*Exercise objective*. Repeat, exactly as they appear, the lines from the one with "2、提供熊猫视频浏览功能,V" through the last line of the entries below, but none of the pictures.

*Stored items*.
__________
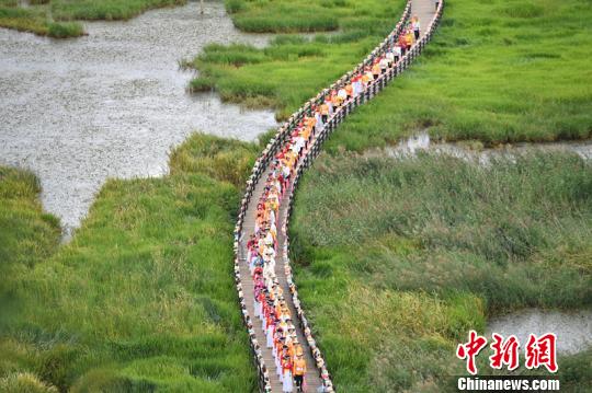 66对“新人”走过走婚桥。 张浪 摄
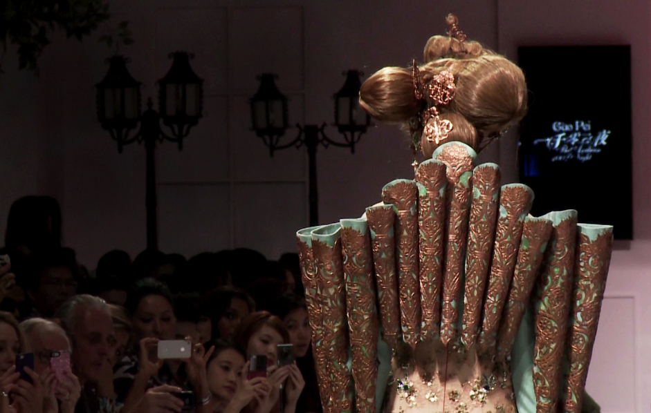 But hers is not a quiescent mind, as she digs into her own culture and the fairy tales of other lands for ideas, re-imagining iconic styles as hyperbolic creations worthy of a place in the hall of fame of the Disneyland of fashion. That she is a fantasist like Mr Poiret is not an overstatement. Sure, most designers fantasize, but Ms Guo’s flights of the imagination could come alive with the aid of a team of 300 workers headquartered in her atelier Rose Studio, two hours away by car from Beijing. Her clothes, oftentimes weighing 50 kilos (as heavy as the models!), typically require four to six people to assist the wearer, a situation not always easy to arrange even by the most well-staffed show producers, yet they accommodate her even when, like at last year’s Fashion Week, she insisted on using her own sets because she gives them a good show, a blockbuster of a show.
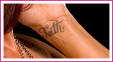 • the word “Faith” inscribed on her left wrist
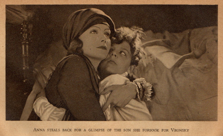 Свидание Анны с сыном: сцена из американского немого фильма "Любовь" (1927) по мотивам романа Л. Н. Толстого "Анна Каренина". В роли Анны — Грета Гарбо, Сережа Каренин — Филипп де Ласи
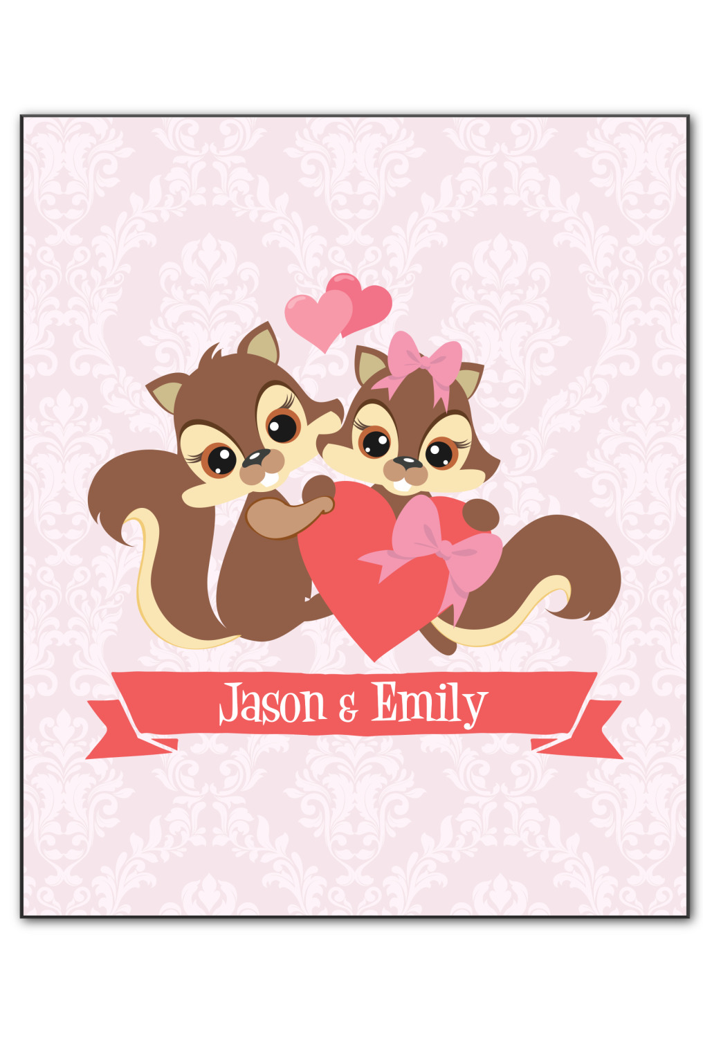This Raccoon Couple Design is perfect for Valentine's Day or even for a newly engaged or married couple. It features a damask background in light pink with a raccoon couple in front holding hearts. The female has a bow on her head. There is a ribbon under the couple that can be customized with the couples names or even Mr. & Mrs. Your Text.
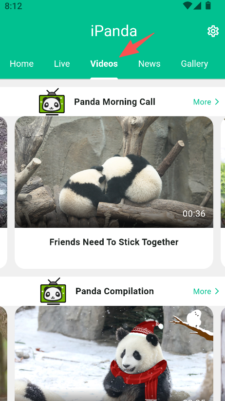 2、提供熊猫视频浏览功能,Videos板块收录多样熊猫视频,可随时观看熊猫趣味内容、成长历程。
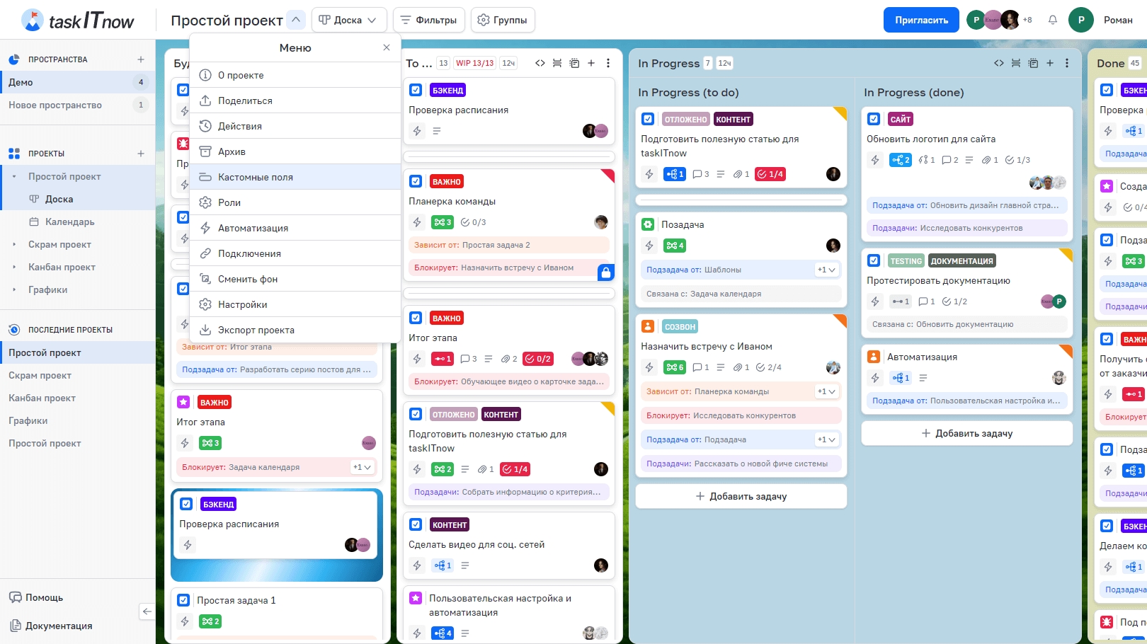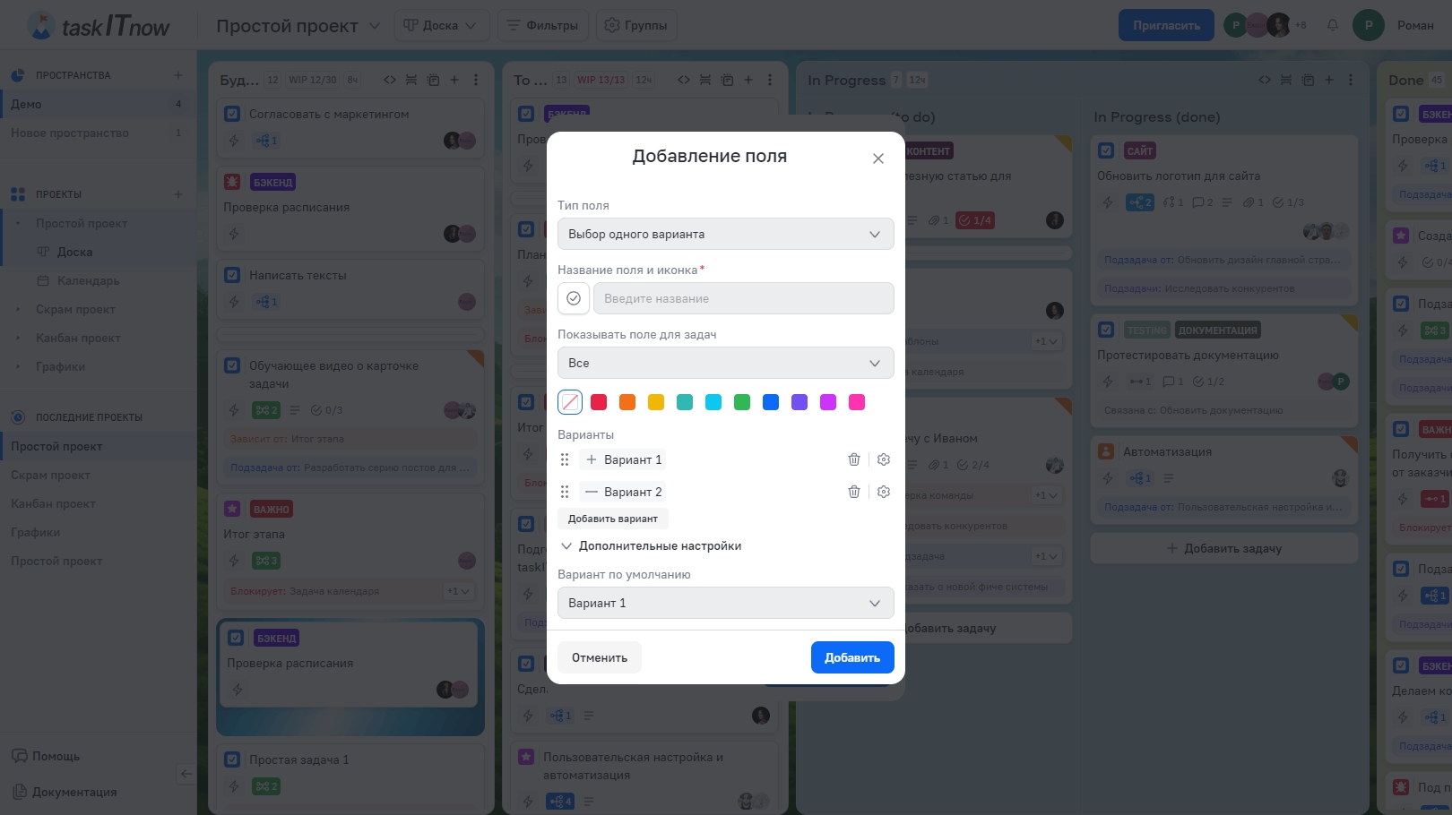 Кастомные поля позволяют расширить стандартный набор данных в задачах и проектах. Вы можете добавлять свои поля с нужным типом данных, настраивать их внешний вид и определять, для каких типов задач они будут отображаться.
__________
*Exercise response*.
 2、提供熊猫视频浏览功能,Videos板块收录多样熊猫视频,可随时观看熊猫趣味内容、成长历程。
 Кастомные поля позволяют расширить стандартный набор данных в задачах и проектах. Вы можете добавлять свои поля с нужным типом данных, настраивать их внешний вид и определять, для каких типов задач они будут отображаться.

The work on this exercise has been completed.